PROBLEM DETAILS:
Could the entries below be transcribed word for word, with the pictures omitted?

::::::::::

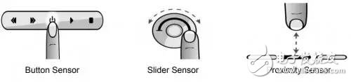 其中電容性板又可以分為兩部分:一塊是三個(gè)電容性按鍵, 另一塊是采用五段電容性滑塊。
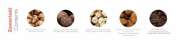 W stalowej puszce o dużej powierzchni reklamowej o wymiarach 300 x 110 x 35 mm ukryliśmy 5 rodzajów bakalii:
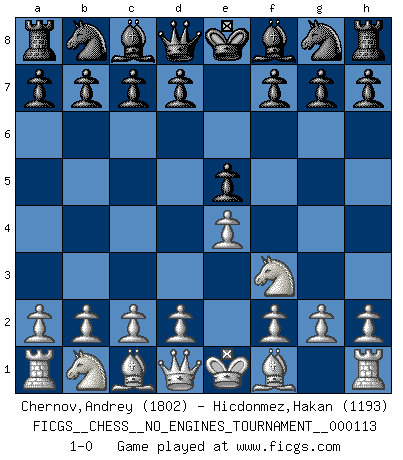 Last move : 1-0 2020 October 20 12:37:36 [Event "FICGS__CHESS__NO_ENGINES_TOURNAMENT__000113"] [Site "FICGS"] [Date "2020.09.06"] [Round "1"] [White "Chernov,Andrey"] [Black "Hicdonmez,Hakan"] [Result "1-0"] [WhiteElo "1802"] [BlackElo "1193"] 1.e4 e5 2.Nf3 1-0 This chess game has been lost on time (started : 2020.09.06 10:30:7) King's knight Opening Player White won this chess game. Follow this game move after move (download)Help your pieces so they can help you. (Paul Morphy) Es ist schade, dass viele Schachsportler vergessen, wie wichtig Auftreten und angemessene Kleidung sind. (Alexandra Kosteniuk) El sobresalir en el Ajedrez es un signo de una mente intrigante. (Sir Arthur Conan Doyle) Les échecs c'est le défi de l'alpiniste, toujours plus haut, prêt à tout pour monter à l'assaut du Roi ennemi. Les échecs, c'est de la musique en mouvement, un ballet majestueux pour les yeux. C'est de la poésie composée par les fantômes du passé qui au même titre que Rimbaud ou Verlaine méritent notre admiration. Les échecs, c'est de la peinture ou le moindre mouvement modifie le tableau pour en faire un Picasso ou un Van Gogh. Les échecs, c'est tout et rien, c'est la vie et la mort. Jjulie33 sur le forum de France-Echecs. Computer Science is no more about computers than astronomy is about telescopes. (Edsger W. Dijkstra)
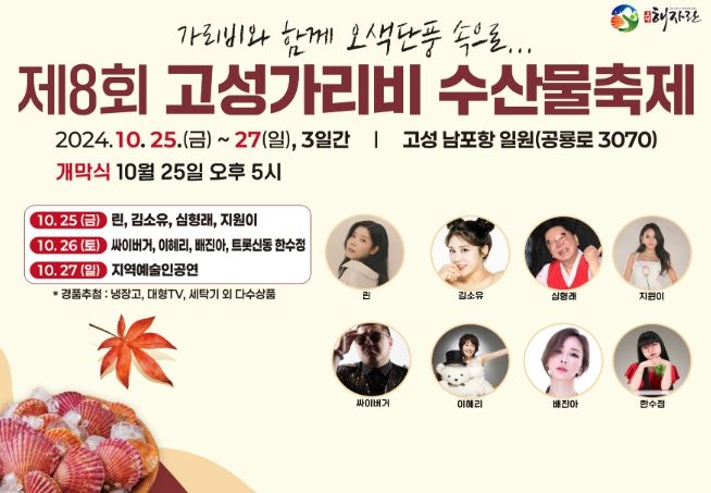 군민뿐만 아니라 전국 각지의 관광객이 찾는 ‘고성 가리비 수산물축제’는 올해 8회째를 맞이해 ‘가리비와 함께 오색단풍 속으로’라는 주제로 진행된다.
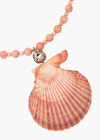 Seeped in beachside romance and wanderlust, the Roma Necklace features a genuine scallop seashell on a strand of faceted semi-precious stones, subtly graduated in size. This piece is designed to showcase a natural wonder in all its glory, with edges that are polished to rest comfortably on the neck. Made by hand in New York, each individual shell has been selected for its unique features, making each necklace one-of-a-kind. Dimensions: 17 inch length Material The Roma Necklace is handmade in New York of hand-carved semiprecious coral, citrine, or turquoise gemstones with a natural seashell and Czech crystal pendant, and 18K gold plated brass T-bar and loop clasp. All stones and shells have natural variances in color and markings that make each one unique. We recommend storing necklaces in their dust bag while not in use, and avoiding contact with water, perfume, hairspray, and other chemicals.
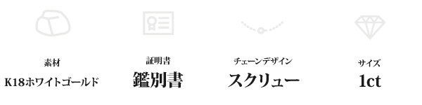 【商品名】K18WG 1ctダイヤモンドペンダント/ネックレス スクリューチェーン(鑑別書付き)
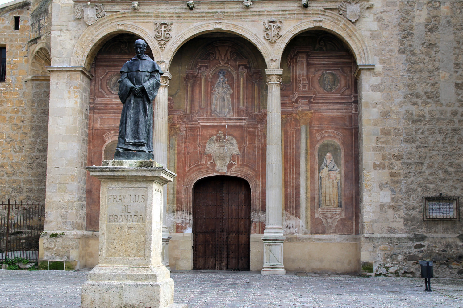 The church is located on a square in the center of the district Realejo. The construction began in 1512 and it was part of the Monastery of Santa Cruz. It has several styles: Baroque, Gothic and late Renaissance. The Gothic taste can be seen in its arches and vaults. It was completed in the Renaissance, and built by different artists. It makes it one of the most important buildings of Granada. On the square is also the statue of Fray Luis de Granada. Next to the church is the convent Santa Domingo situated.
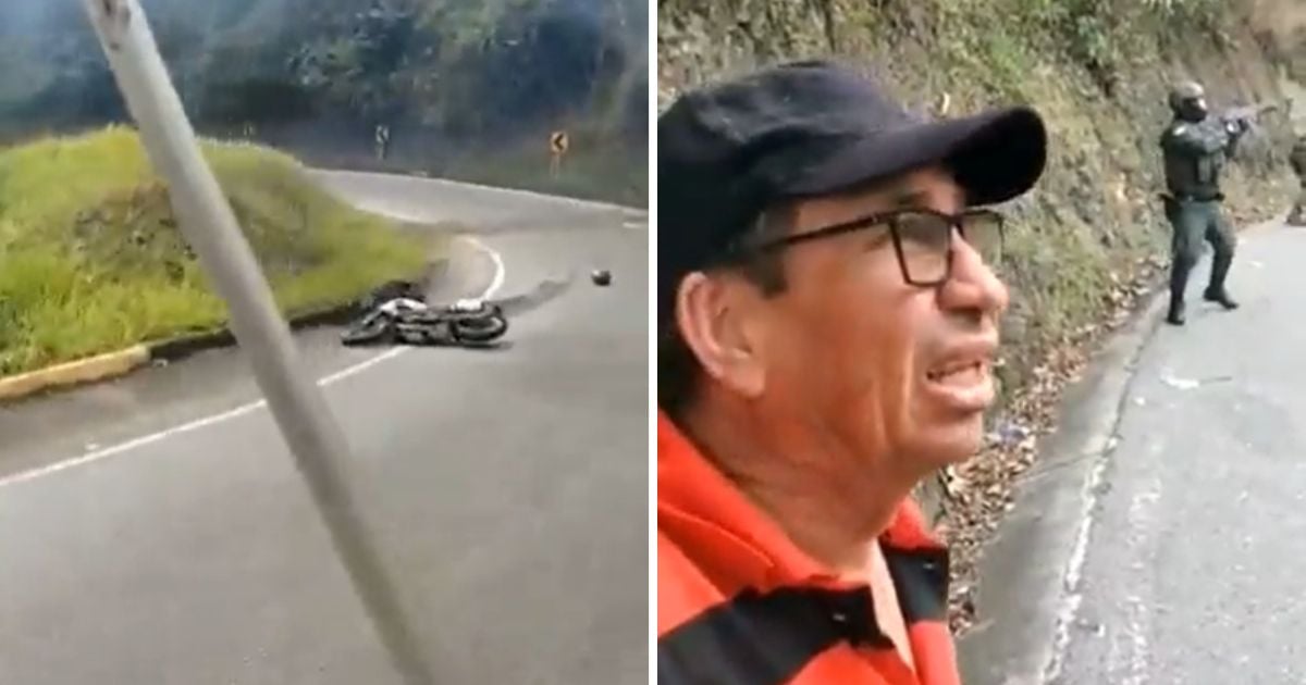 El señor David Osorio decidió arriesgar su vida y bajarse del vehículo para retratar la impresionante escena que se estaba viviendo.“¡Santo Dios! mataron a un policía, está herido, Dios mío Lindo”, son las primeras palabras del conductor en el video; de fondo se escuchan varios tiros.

::::::::::

SOLUTION TO THIS TASK:
 其中電容性板又可以分為兩部分:一塊是三個(gè)電容性按鍵, 另一塊是采用五段電容性滑塊。
 W stalowej puszce o dużej powierzchni reklamowej o wymiarach 300 x 110 x 35 mm ukryliśmy 5 rodzajów bakalii:
 Last move : 1-0 2020 October 20 12:37:36 [Event "FICGS__CHESS__NO_ENGINES_TOURNAMENT__000113"] [Site "FICGS"] [Date "2020.09.06"] [Round "1"] [White "Chernov,Andrey"] [Black "Hicdonmez,Hakan"] [Result "1-0"] [WhiteElo "1802"] [BlackElo "1193"] 1.e4 e5 2.Nf3 1-0 This chess game has been lost on time (started : 2020.09.06 10:30:7) King's knight Opening Player White won this chess game. Follow this game move after move (download)Help your pieces so they can help you. (Paul Morphy) Es ist schade, dass viele Schachsportler vergessen, wie wichtig Auftreten und angemessene Kleidung sind. (Alexandra Kosteniuk) El sobresalir en el Ajedrez es un signo de una mente intrigante. (Sir Arthur Conan Doyle) Les échecs c'est le défi de l'alpiniste, toujours plus haut, prêt à tout pour monter à l'assaut du Roi ennemi. Les échecs, c'est de la musique en mouvement, un ballet majestueux pour les yeux. C'est de la poésie composée par les fantômes du passé qui au même titre que Rimbaud ou Verlaine méritent notre admiration. Les échecs, c'est de la peinture ou le moindre mouvement modifie le tableau pour en faire un Picasso ou un Van Gogh. Les échecs, c'est tout et rien, c'est la vie et la mort. Jjulie33 sur le forum de France-Echecs. Computer Science is no more about computers than astronomy is about telescopes. (Edsger W. Dijkstra)
 군민뿐만 아니라 전국 각지의 관광객이 찾는 ‘고성 가리비 수산물축제’는 올해 8회째를 맞이해 ‘가리비와 함께 오색단풍 속으로’라는 주제로 진행된다.
 Seeped in beachside romance and wanderlust, the Roma Necklace features a genuine scallop seashell on a strand of faceted semi-precious stones, subtly graduated in size. This piece is designed to showcase a natural wonder in all its glory, with edges that are polished to rest comfortably on the neck. Made by hand in New York, each individual shell has been selected for its unique features, making each necklace one-of-a-kind. Dimensions: 17 inch length Material The Roma Necklace is handmade in New York of hand-carved semiprecious coral, citrine, or turquoise gemstones with a natural seashell and Czech crystal pendant, and 18K gold plated brass T-bar and loop clasp. All stones and shells have natural variances in color and markings that make each one unique. We recommend storing necklaces in their dust bag while not in use, and avoiding contact with water, perfume, hairspray, and other chemicals.
 【商品名】K18WG 1ctダイヤモンドペンダント/ネックレス スクリューチェーン(鑑別書付き)
 The church is located on a square in the center of the district Realejo. The construction began in 1512 and it was part of the Monastery of Santa Cruz. It has several styles: Baroque, Gothic and late Renaissance. The Gothic taste can be seen in its arches and vaults. It was completed in the Renaissance, and built by different artists. It makes it one of the most important buildings of Granada. On the square is also the statue of Fray Luis de Granada. Next to the church is the convent Santa Domingo situated.
 El señor David Osorio decidió arriesgar su vida y bajarse del vehículo para retratar la impresionante escena que se estaba viviendo.“¡Santo Dios! mataron a un policía, está herido, Dios mío Lindo”, son las primeras palabras del conductor en el video; de fondo se escuchan varios tiros.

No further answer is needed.